Что происходит с людьми, почему они относятся друг к другу так, а не этак, понять все-таки трудно, как бы все это хорошо ни было изучено, примитивно легко объяснимо и твердо усвоено. Всегда имеется маленькое «но» в приязни или неприязни и вообще во всем том бесконечно неясном мире, который именуется человеческими отношениями, в мире, полном быстротекущих химер, цепных реакций, в мире, где в таинственном порядке взаимодействуют органы живые: кровь, лимфа, нервные волокна, семенная жидкость, желчь – с явлениями земного магнетизма, излучениями солнца и лунными фазами. Океан человеческий самый удивительный, бездонный и непознаваемый. Именно о том, по утверждению некоторых, писал Иов в книге своей, призывая не обольщаться простотой, видимой глазом невооруженным, и призывая никогда не переставать испытывать удивление перед тайнами бытия. А главных тайн бытия три. Самая большая тайна вселенной – это жизнь. Самая большая тайна жизни – это человек. Самая большая тайна человека – это творчество. И сказана по этому поводу самая большая, самая доступная человеческой душе мудрость: «Взгляни на меня и удивись и положи руку свою на рот свой» (Книга Иова XXI).

12

В конце сентября Сашенька родила девочку. Сашенькина мать к тому времени давно уже вернулась из заключения: ее присудили к шести месяцам, но сократили срок по беременности. Она родила летом, на три месяца раньше Сашеньки, и тоже девочку. А Ольга родила в марте, и ее дочь уже садилась, ползала и умела больно щипаться. Сашенька с Оксанкой жила в маленькой комнатке, а мать с Федором и Сашенькиной сестрой Верочкой – в столовой, Вася и Ольга же опять на кухне, но теперь они отгородили себе довольно большой участок, и не ширмой, а кирпичной перегородкой, наняв рабочих, так что вместо просторной кухни образовалась комнатка и узкий проход, в котором едва умещалась плита. Наденька, Ольгина дочь, была не по возрасту крупная, проситься она еще не умела, и потому от нее всегда пахло кислым, зато она чрезвычайно рано поняла, что живет и крепнет тот, кто ест, и кто бы ни садился за стол и что бы ни ели: постную ли затируху из ржаной муки, суп ли из кормового бурака, картошку ли в мундире, сдобренную желтоватым, недоброкачественным жиром, вызывающим изжогу, – что б ни ели, Наденька с одинаковым восторгом протягивала ручонки к валившему из кастрюли пару, и нельзя было даже сказать, что она попрошайничает, просто она радовалась виду и запаху еды, как иные дети радуются погремушке. Однажды Вася, работавший теперь в столярной мастерской и неплохо зарабатывавший, дал Наденьке лизнуть кусочек сала. Наденька пришла в такой восторг, что Ольга оборачивала кусочек сала чистой, вдвое сложенной тряпочкой, привязывала на ниточку, чтоб Наденька не сглотнула, и давала ей сосать словно пустышку, пока Катерина не увидела и не отругала Ольгу за это.
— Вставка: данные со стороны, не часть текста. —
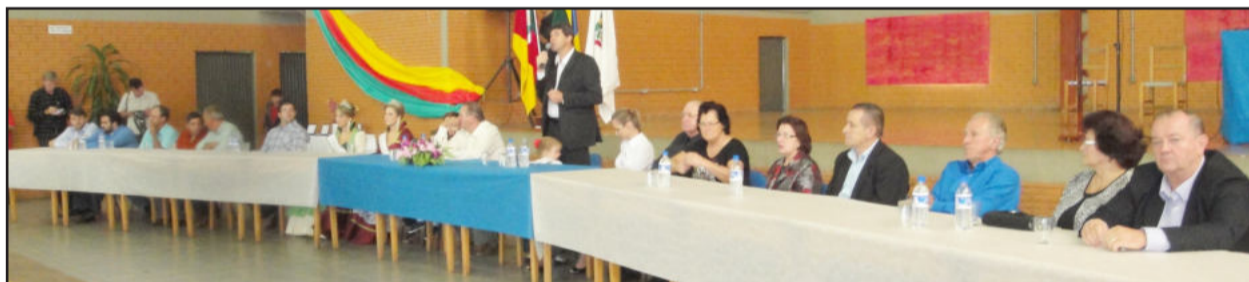
Autoridades locais prestigiaram a cerimônia

Ольга с Васей сидели в своей переделанной из кухни комнатушке, большие, добрые, любящие друг друга без слов и объяснений, а одними лишь ласками, и Наденька с кроткими Васиными глазами, пуская из ротика пузыри, ползала у Ольги на коленях, стукаясь о выпуклый Ольгин живот, потому что Ольга опять была беременна.

Сашенькиной сестре Верочке шел четвертый месяц, однако и она уже в чем-то повторяла людей, давших ей жизнь. Она любила смеяться, и при этом на щеках ее появлялись крохотные ямочки, как у Катерины, Сашенькиной и Верочкиной матери, когда же делала что-либо плохое, например сбрасывала со стола чашку или однажды пипикнула отцу своему, Федору, прямо в лицо чистой детской струйкой, не желтой, а беловатой, похожей на теплую водичку, не насыщенной еще терпкими мочевыми солями, когда пипикнула отцу, то при этом так искренне нахмурила бровки и сморщила лобик, что чувствовались ее полное раскаяние и не глупая, а совестливая доброта. Федор засмеялся, вытер мокрые губы и сказал:

– Что там она ест... У ней и отходы еще чистые как слезы.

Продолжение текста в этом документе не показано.